__Problem requirements__.
Below are records to write out exactly; drop the pictures when you do.
═══ Records to use
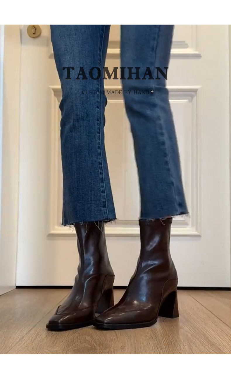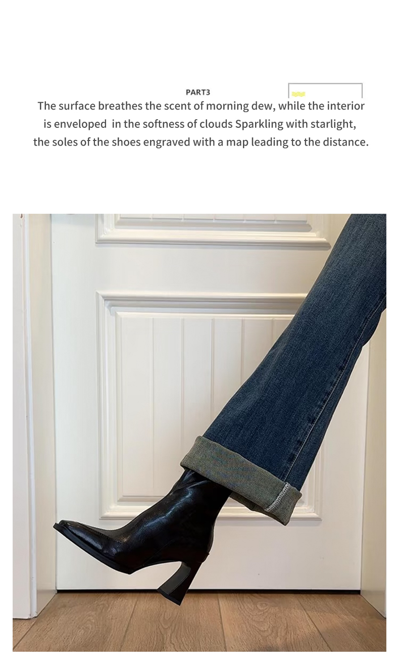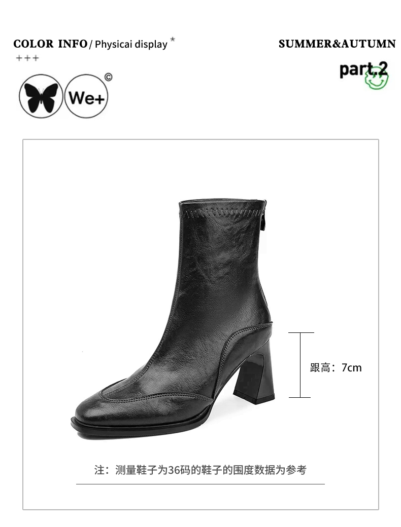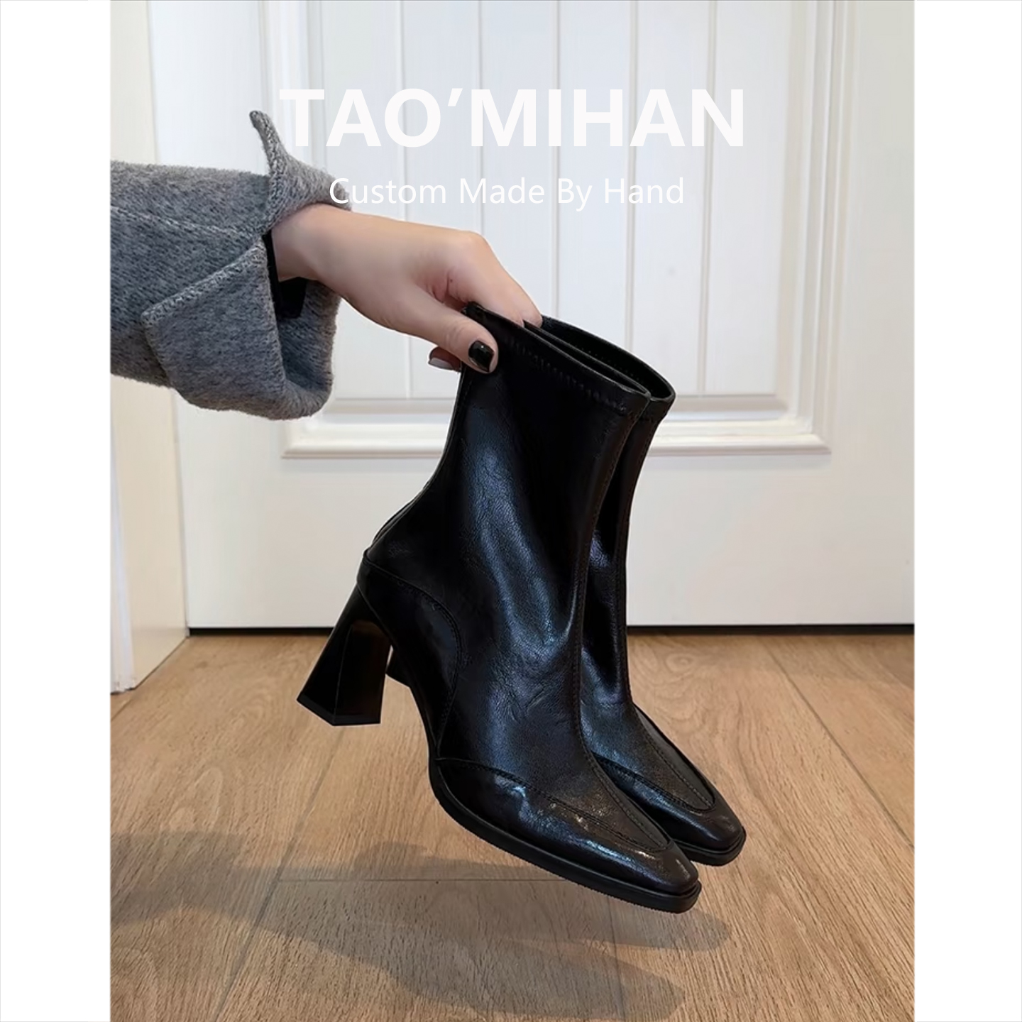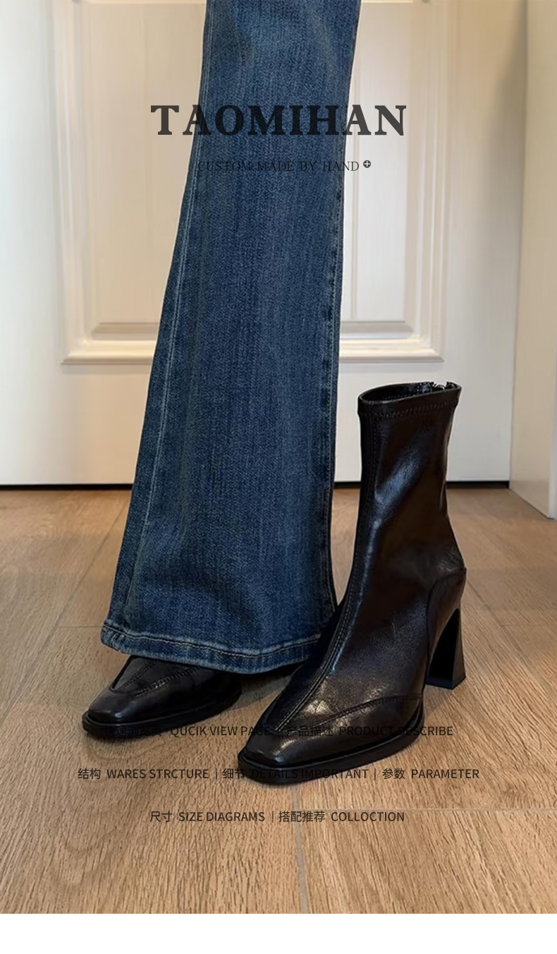 真皮高跟鞋短靴女2025秋冬季新款方头马丁靴黑色加绒粗跟瘦瘦靴子
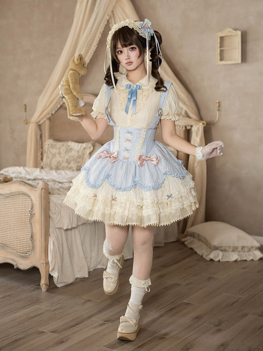 【5月8日予約締切】クラシックレースリボンブラウス+サスビスチェティアードドレスフルセット+コンプリートセット
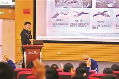 本报讯(记者解丽)“在太空中以超过七公里每秒的速度运行的空间站是如何与飞船对接的?”“航天员在空间站生活6个月,大概需要用多少水?这些水又是怎么来的?”“空间站中航天员为啥要坚持健身?”“空间站如何躲避太空垃圾的撞击?”……近日,北京科技中心报告厅内,来自北京市第十二中学初中一年级的130余名学生,与中国空间站的设计师展开了一场别开生面的问答对话。
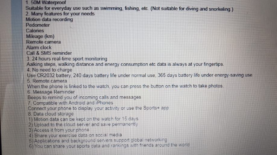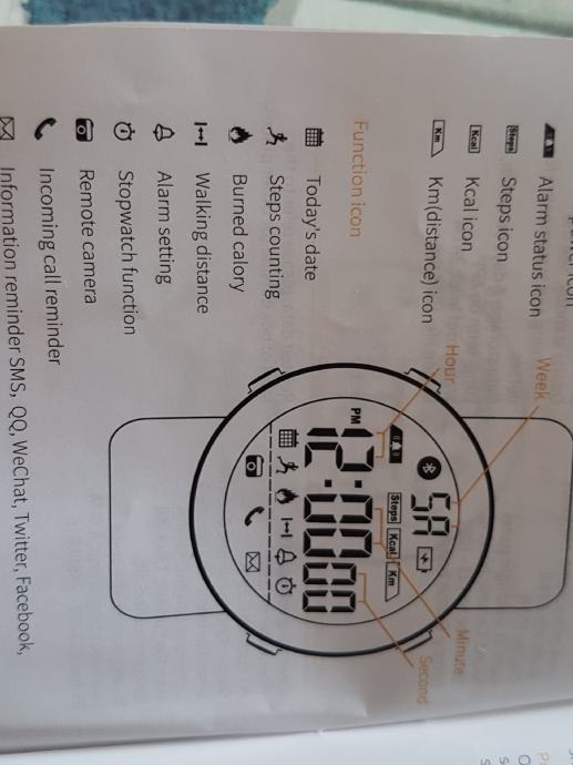 Ima funkcije potrošnja kalorija, brojač koraka, mjerenje pređenog puta, spajanje na mobilni uređaj preko bluetootha, alarm, kalendar, štoperica, upravljanje kamerom, prikaz broja pozivatelja, analiza svih performansi, vodootpornost IP68 (5ATM), prikaz na mobitelu preko Sports + app aplikacije. Baterija 12 mjeseci aktivnosti.
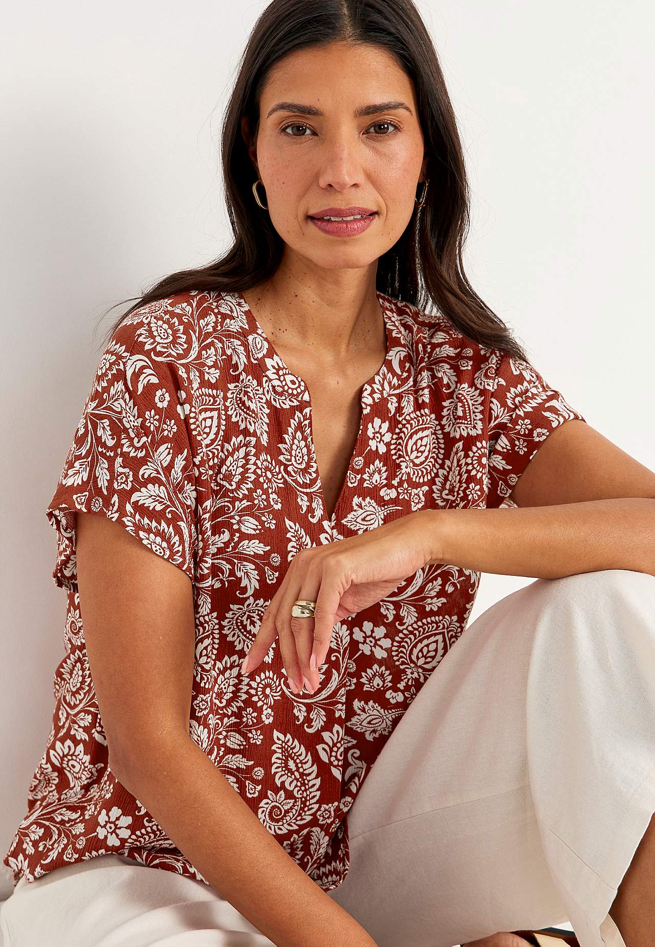 Mati viimistluse ja peene struktuuriga õhuline ja jaheda tundega materjal. Veidi avaram lõige. Ees volt. Lühikesed varrukad. Kaarjas alläär. Sobita toodetega 620625, 702448. Seljapikkus vastavalt suurusele umbes 64–76 cm.
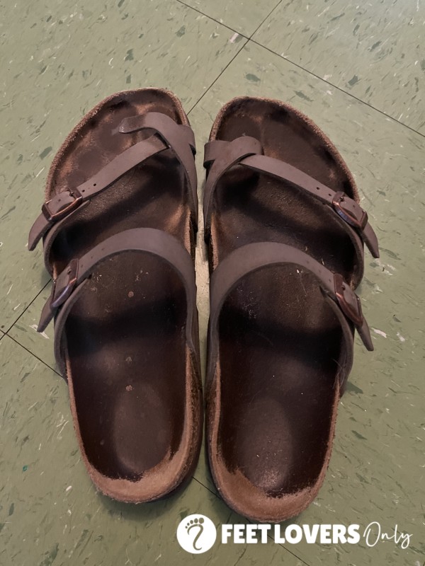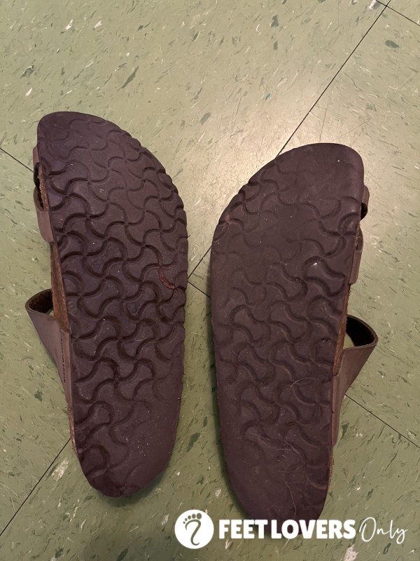 At least 5 years worn. Kept outside of Asian household as outdoor flip-flops. Size 7....
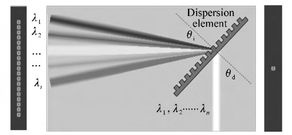 光譜合束技術利用單片色散元件可同時實現多束波長間隔低至 0. 1 nm的激光合束,進一步提高合束單元數量,其原理如圖16所示,多束不同波長的激光分別以不同角度入射到色散元件,并在色散元件處重合,然后在元件色散作用下沿相同方向衍射輸出,各光束在近場和遠場均相互重疊,獲得功率為單元光束之和而光束質量與單元光束一致的合束激光輸出。為了實現窄間隔光譜合束,通常采用色散強的衍射光柵作為合束元件。
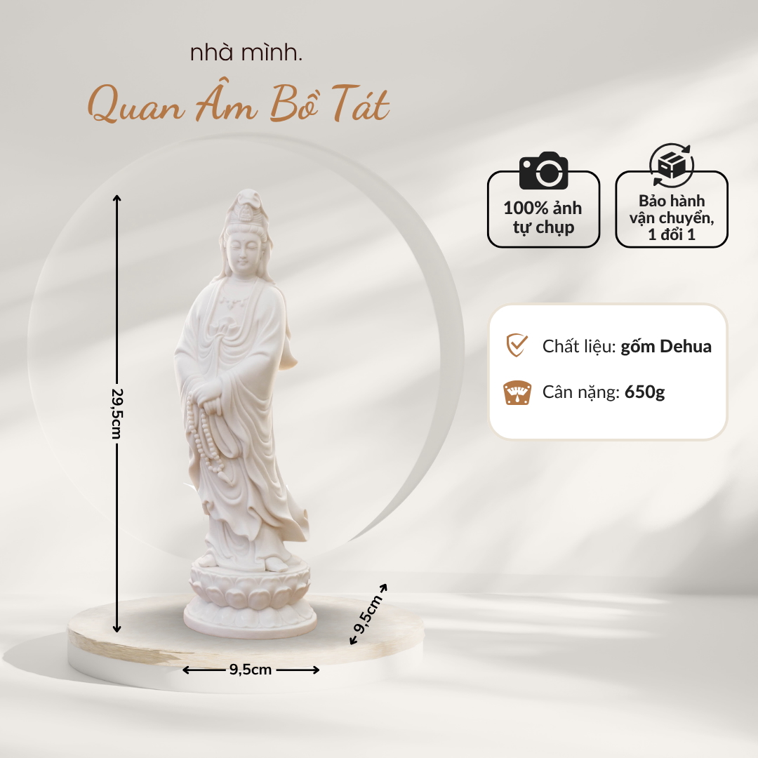 Tượng Quán Thế Âm Bồ Tát đứng đài sen được làm ở làng gốm Dehua lâu đời, diện Phật hiền hoà với những chi tiết y áo sắc xảo, tinh tế.
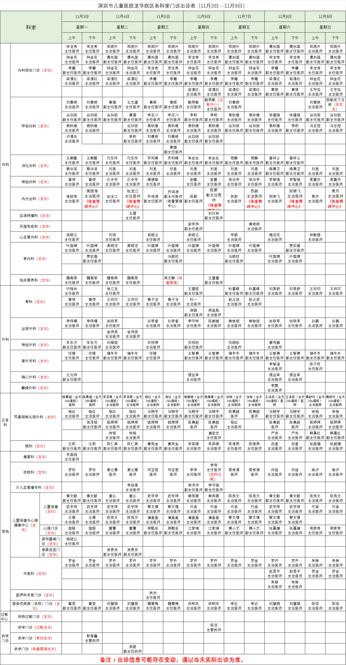 深圳市儿童医院龙华院区各科室门诊出诊表(11月3日--11月9日)
══════
__Exercise answer__.
 真皮高跟鞋短靴女2025秋冬季新款方头马丁靴黑色加绒粗跟瘦瘦靴子
 【5月8日予約締切】クラシックレースリボンブラウス+サスビスチェティアードドレスフルセット+コンプリートセット
 本报讯(记者解丽)“在太空中以超过七公里每秒的速度运行的空间站是如何与飞船对接的?”“航天员在空间站生活6个月,大概需要用多少水?这些水又是怎么来的?”“空间站中航天员为啥要坚持健身?”“空间站如何躲避太空垃圾的撞击?”……近日,北京科技中心报告厅内,来自北京市第十二中学初中一年级的130余名学生,与中国空间站的设计师展开了一场别开生面的问答对话。
 Ima funkcije potrošnja kalorija, brojač koraka, mjerenje pređenog puta, spajanje na mobilni uređaj preko bluetootha, alarm, kalendar, štoperica, upravljanje kamerom, prikaz broja pozivatelja, analiza svih performansi, vodootpornost IP68 (5ATM), prikaz na mobitelu preko Sports + app aplikacije. Baterija 12 mjeseci aktivnosti.
 Mati viimistluse ja peene struktuuriga õhuline ja jaheda tundega materjal. Veidi avaram lõige. Ees volt. Lühikesed varrukad. Kaarjas alläär. Sobita toodetega 620625, 702448. Seljapikkus vastavalt suurusele umbes 64–76 cm.
 At least 5 years worn. Kept outside of Asian household as outdoor flip-flops. Size 7....
 光譜合束技術利用單片色散元件可同時實現多束波長間隔低至 0. 1 nm的激光合束,進一步提高合束單元數量,其原理如圖16所示,多束不同波長的激光分別以不同角度入射到色散元件,并在色散元件處重合,然后在元件色散作用下沿相同方向衍射輸出,各光束在近場和遠場均相互重疊,獲得功率為單元光束之和而光束質量與單元光束一致的合束激光輸出。為了實現窄間隔光譜合束,通常采用色散強的衍射光柵作為合束元件。
 Tượng Quán Thế Âm Bồ Tát đứng đài sen được làm ở làng gốm Dehua lâu đời, diện Phật hiền hoà với những chi tiết y áo sắc xảo, tinh tế.
 深圳市儿童医院龙华院区各科室门诊出诊表(11月3日--11月9日)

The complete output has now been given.